Cas 3 — Vérification du biais. Un expert a remarqué que la liste des « risques » produite par l’IA incluait de manière disproportionnée des étudiants d’un quartier particulier. Il n'a pas utilisé la liste, pensant que cela pourrait refléter un parti pris ; au lieu de cela, il a appliqué des critères équitables et fondés sur des faits à tous les étudiants. Ainsi, le soutien a été distribué en fonction des besoins réels et non de la stigmatisation.
Erreurs courantes
- Rendre la marque de l'IA "risquée". Subvertir le pouvoir judiciaire en outil. Solution : L'IA montre le phénomène/changement, l'expert porte le jugement.
- Évaluation sans entretien. Il ne suffit pas de regarder les données et de parler à l'étudiant. Solution : chaque signe gagne en contexte grâce à une conversation.
- Ignorer les préjugés. Adopter une liste de « risques » basée sur des modèles. Solution : contrôle de la justice et de l'individualité.
- Faire circuler l'étiquette. Partage de la liste des « étudiants à risque ». Solution : limite de confidentialité et de support.

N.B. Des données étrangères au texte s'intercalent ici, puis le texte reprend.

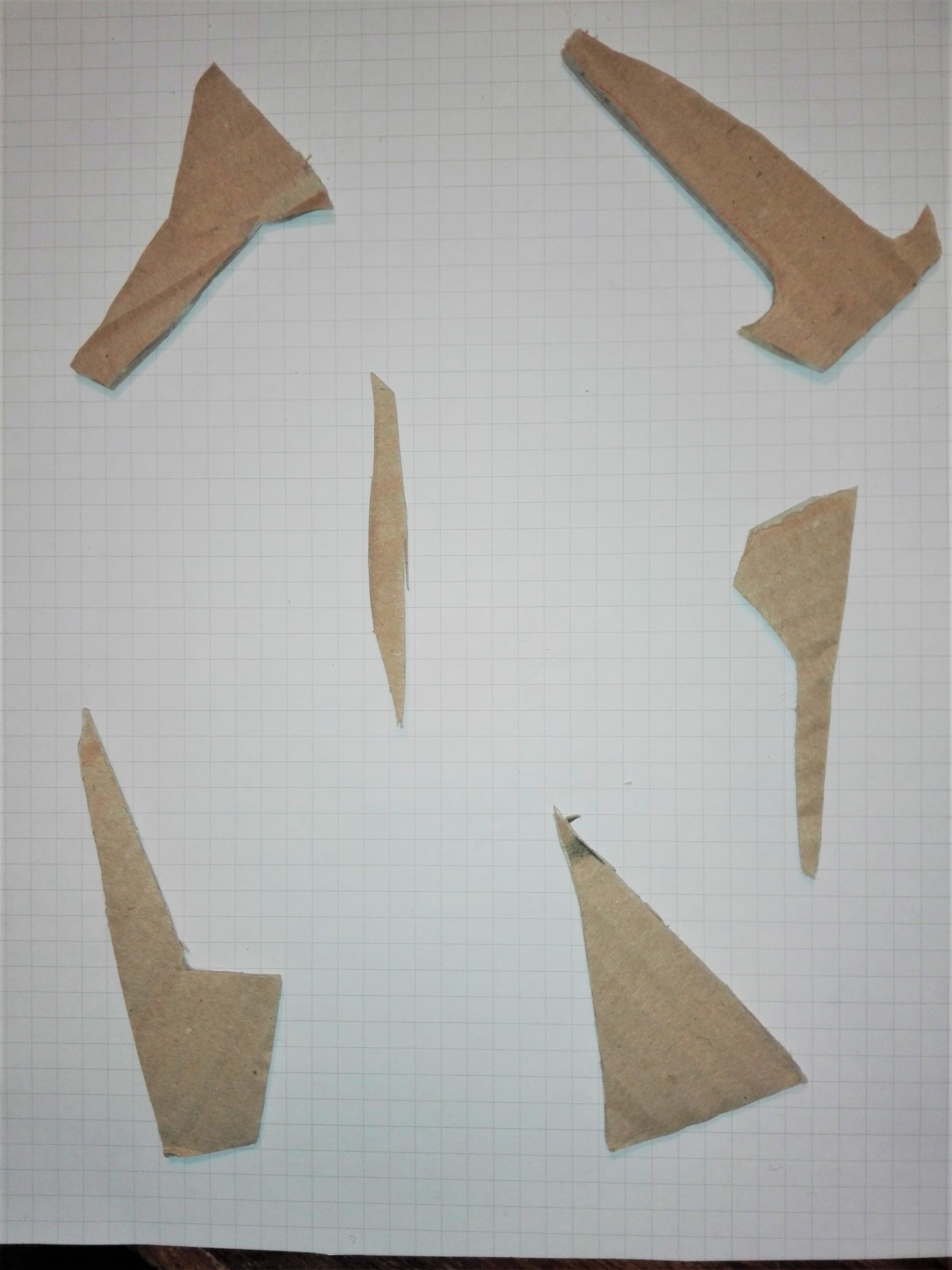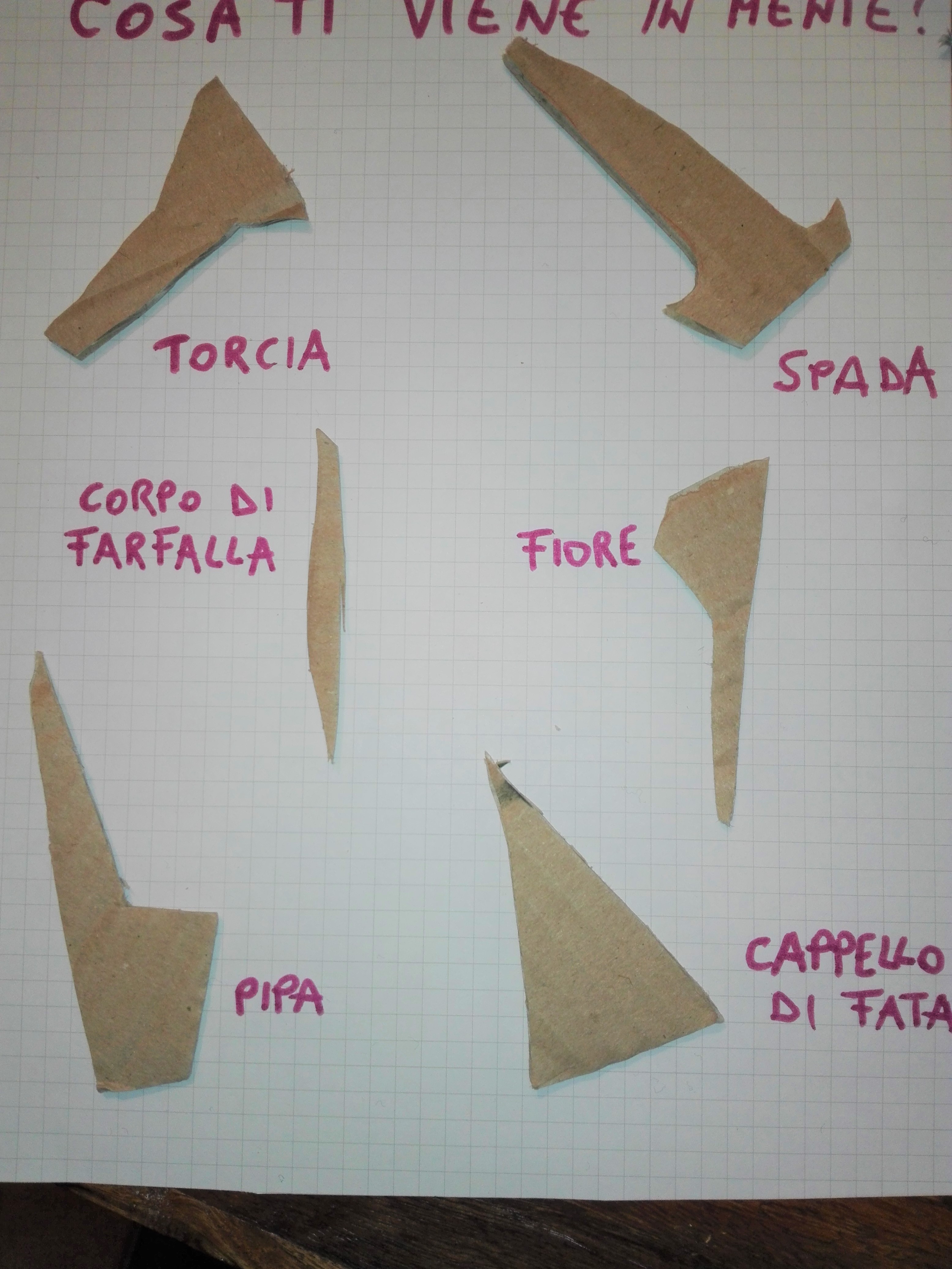 Intanto con i ritagli si può giocare: ne scelgo alcuni a caso, li appoggio su un foglio e li osservo, cosa mi fanno venire in mente?

- Le confondre avec une crise. Traiter un signe de risque grave comme une surveillance de routine. Solution : le protocole de crise (unité 9) est activé.
Tableau : Signe ou jugement ?
sortie
Tapez
que faire
"L'absentéisme a augmenté ces 3 dernières semaines"
Signe (phénomène)
Raison de la rencontre
"Cet étudiant est risqué"
Jugement (étiquette)
Rejeter, revenir à la réalité
"Depuis deux semestres, les notes baissent"
Signe (phénomène)
Raison de la rencontre
"Sa famille le néglige"
jugement/inférence
Rejeter, retour à l'observation
"La fréquence des réunions a diminué"
Signe (phénomène)
Un expert évalue
En résumé
Dans le suivi des étudiants, l’IA est une aide utile qui résume les données dispersées et rend les modèles visibles ; Mais il ne peut pas évaluer l'élève ni le déclarer « à risque ». L’IA donne des signaux, l’expert construit du sens. Contextualisez chaque signe avec une conversation, vérifiez les préjugés, faites circuler les étiquettes et passez au protocole de crise en cas de signes de risque grave. L’objectif de l’alerte précoce n’est pas de stigmatiser, mais de fournir un soutien opportun et équitable.
Tâche de candidature
Créez des données anonymes de présence/observation pour une classe fictive. Demandez à l'IA de résumer au niveau des faits avec le modèle « Résumé des données de suivi ». Examinez le résultat : l’IA a-t-elle ajouté des étiquettes ou des jugements « risque/problème » ? Marquez, supprimez et créez une liste neutre et factuelle de raisons à discuter. Posez ensuite la question de biais : la liste s’empile-t-elle selon un certain modèle ?
liste de contrôle
- [ ] J'ai anonymisé les données avant de les transmettre à l'outil.
- [ ] J'ai écrit la limite « ajouter une étiquette de risque/un jugement » à l'invite.
- [ ] J'ai gardé la sortie de l'IA au niveau des faits/signes, en portant le jugement moi-même.
- [ ] J'ai contextualisé chaque signe avec une interview.
- [ ] J'ai vérifié les préjugés et j'ai gardé les étiquettes privées.